## [WORK INSTRUCTION]
What is needed is an exact copy of the records below, with the pictures left out.

___ DATA SECTION ___

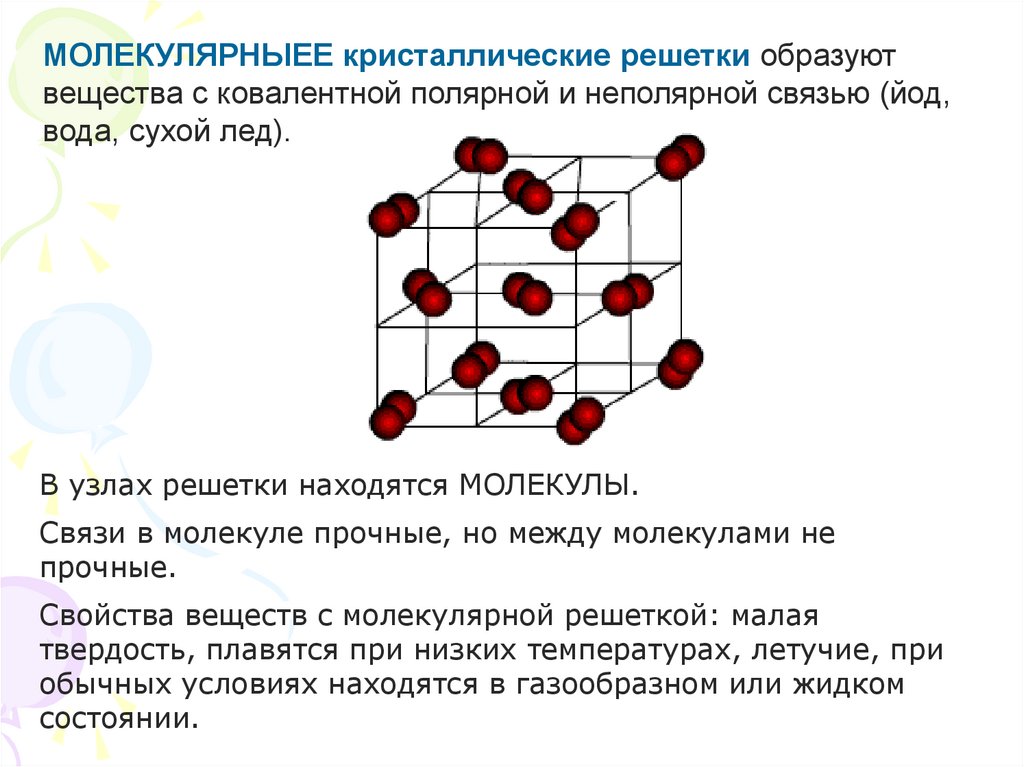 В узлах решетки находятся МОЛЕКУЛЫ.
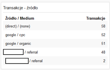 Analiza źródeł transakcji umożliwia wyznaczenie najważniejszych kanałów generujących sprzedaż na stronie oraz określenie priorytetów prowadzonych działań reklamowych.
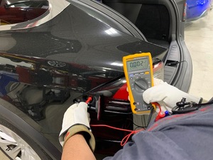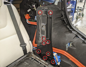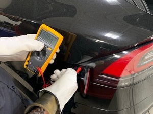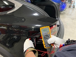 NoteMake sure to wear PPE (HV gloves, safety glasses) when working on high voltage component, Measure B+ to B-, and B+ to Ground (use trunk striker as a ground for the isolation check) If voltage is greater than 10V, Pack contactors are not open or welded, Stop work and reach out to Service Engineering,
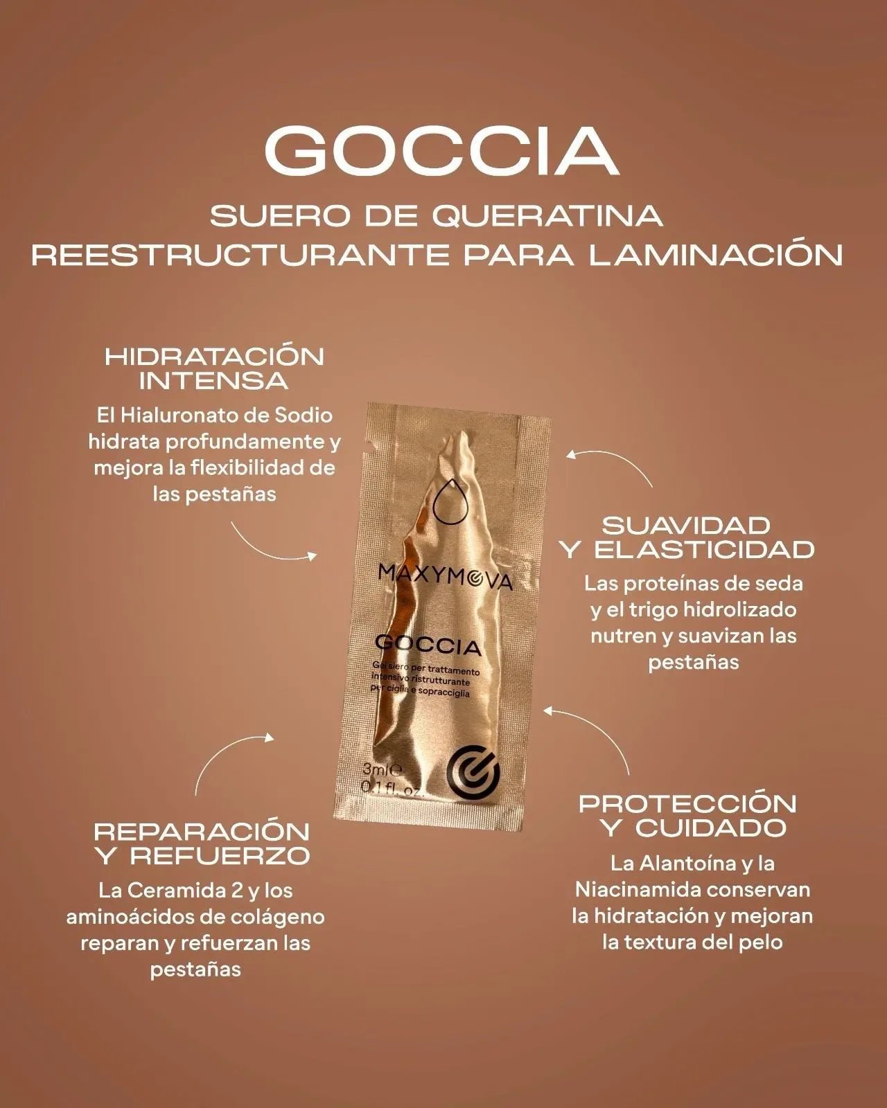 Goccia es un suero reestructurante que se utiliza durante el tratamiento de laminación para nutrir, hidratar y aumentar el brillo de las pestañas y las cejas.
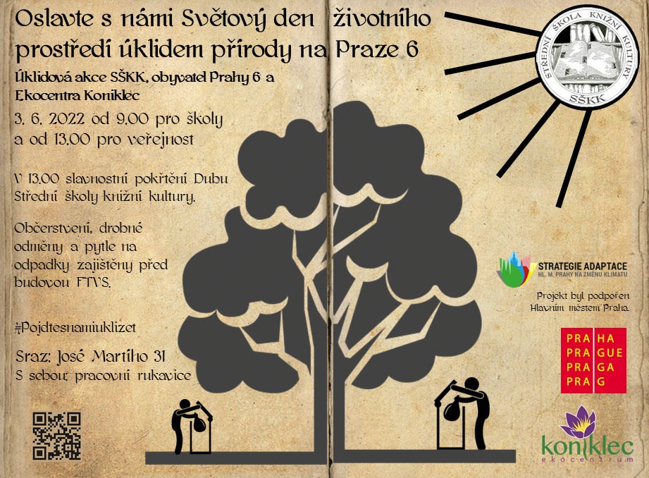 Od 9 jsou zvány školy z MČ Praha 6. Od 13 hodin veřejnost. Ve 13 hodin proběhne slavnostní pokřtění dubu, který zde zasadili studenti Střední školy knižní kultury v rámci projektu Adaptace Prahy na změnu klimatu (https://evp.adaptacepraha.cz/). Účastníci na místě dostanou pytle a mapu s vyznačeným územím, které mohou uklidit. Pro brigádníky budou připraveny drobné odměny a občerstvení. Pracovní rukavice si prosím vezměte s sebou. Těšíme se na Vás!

___

## [FINISHED TASK]
 В узлах решетки находятся МОЛЕКУЛЫ.
 Analiza źródeł transakcji umożliwia wyznaczenie najważniejszych kanałów generujących sprzedaż na stronie oraz określenie priorytetów prowadzonych działań reklamowych.
 NoteMake sure to wear PPE (HV gloves, safety glasses) when working on high voltage component, Measure B+ to B-, and B+ to Ground (use trunk striker as a ground for the isolation check) If voltage is greater than 10V, Pack contactors are not open or welded, Stop work and reach out to Service Engineering,
 Goccia es un suero reestructurante que se utiliza durante el tratamiento de laminación para nutrir, hidratar y aumentar el brillo de las pestañas y las cejas.
 Od 9 jsou zvány školy z MČ Praha 6. Od 13 hodin veřejnost. Ve 13 hodin proběhne slavnostní pokřtění dubu, který zde zasadili studenti Střední školy knižní kultury v rámci projektu Adaptace Prahy na změnu klimatu (https://evp.adaptacepraha.cz/). Účastníci na místě dostanou pytle a mapu s vyznačeným územím, které mohou uklidit. Pro brigádníky budou připraveny drobné odměny a občerstvení. Pracovní rukavice si prosím vezměte s sebou. Těšíme se na Vás!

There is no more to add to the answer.